I (35 F) just celebrated my anniversary, and my sister (38 F) "Kayla" is still mad about a fight we had right before my wedding. I would love to know who's TA. Kayla was married at 23 and divorced at 30.

She got a new boyfriend pretty much immediately after the papers were finalized, and they've been together ever since. Kayla always said the divorce was so hard, she would never marry again, and her boyfriend seemed fine with that.

When my husband and I started talking about marriage, we told our families. Everyone gave their blessing, including my sister. I don't like surprises, so my husband revealed he was going to propose at my birthday party, which was near Valentine's Day. I told my 4 future bridesmaids, including my sister, in case they wanted to witness the proposal.

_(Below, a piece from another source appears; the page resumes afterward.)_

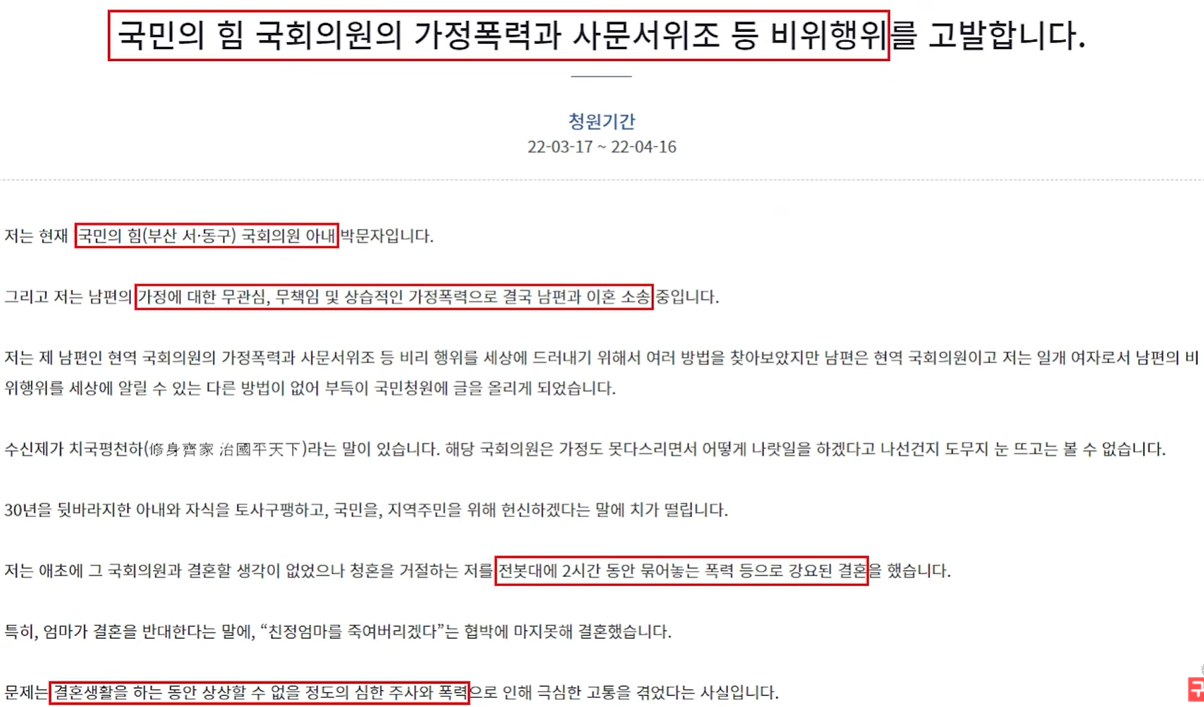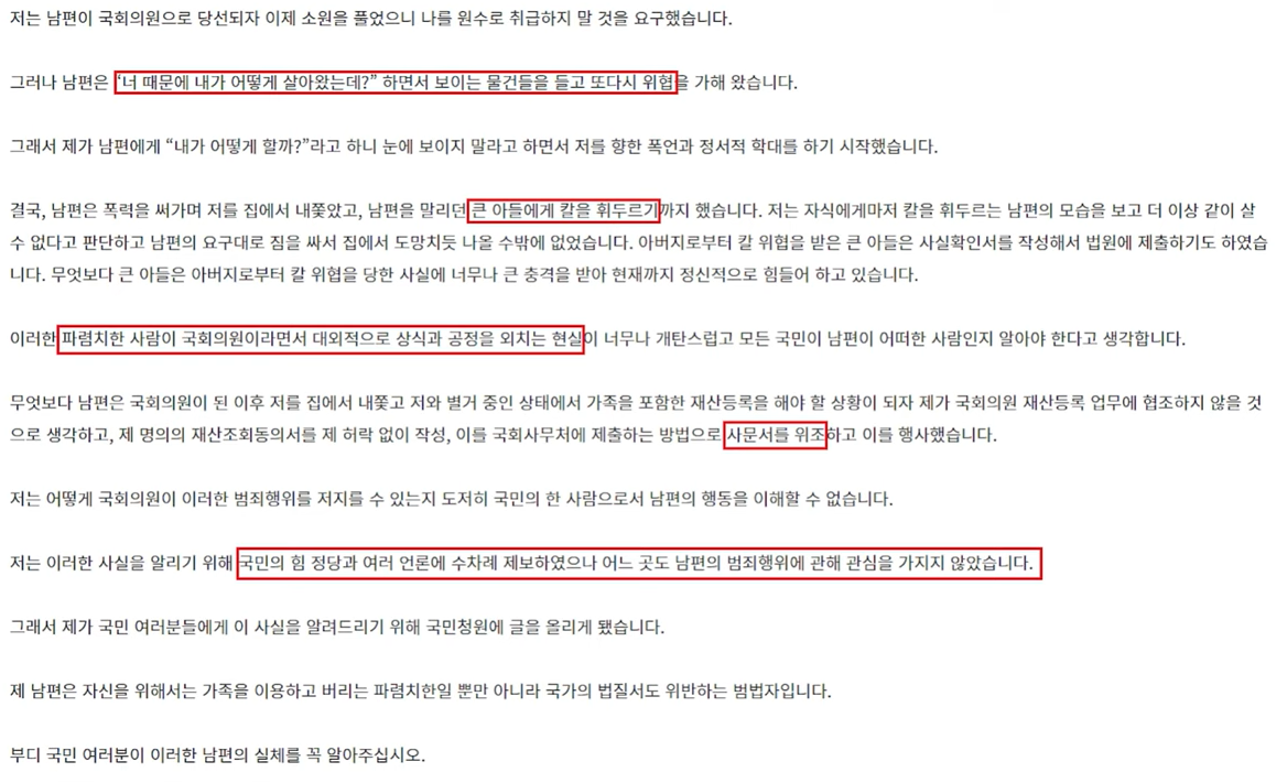 [관련 기사 : 굿모닝충청] “큰아들에게 칼 휘둘러..” 가정폭력 공개한 국회의원 아내 청원글 ‘화제’

A week before my party, Kayla surprised the family by announcing her boyfriend had proposed Christmas Day. We thought it was a little odd for a couple reasons: 1) she was so vocally against a second marriage, 2) she bought her own ring. BUT, people change their minds all the time, and it doesn't matter who bought the ring if they're happy. We congratulated her and let it be.

The oddness continued after my husband proposed and we started planning our wedding. My sister HATED all our choices--from our theme (autumn) to invitations (gold and cream)--but especially my dress.

I didn't wear pure white because I got married in my 30s, and it felt silly to do the Blushing Virgin shtick at my big age. According to Kayla, this was mortifying and shameful. Which was weird, considering she was pregnant with my nephew/showing when she walked down the aisle, and no one said a word.

The real issue happened about a month before my wedding. Kayla called me out of nowhere and said, "Hey, would you care if I got married before you?" I said, "No, that's fine. You got engaged first, after all. Go for it." Then Kayla said, "But what if we got married really close to your wedding day? Would that bother you?"

I had a million people to call that day, including the caterers and the bakery, so I simply said, "Sis, I don't care when you get married. Go down to the courthouse an hour before the ceremony and get married on the exact same day if you like. Just be dressed and at the venue by 3 PM, and I'll be the happiest bride ever."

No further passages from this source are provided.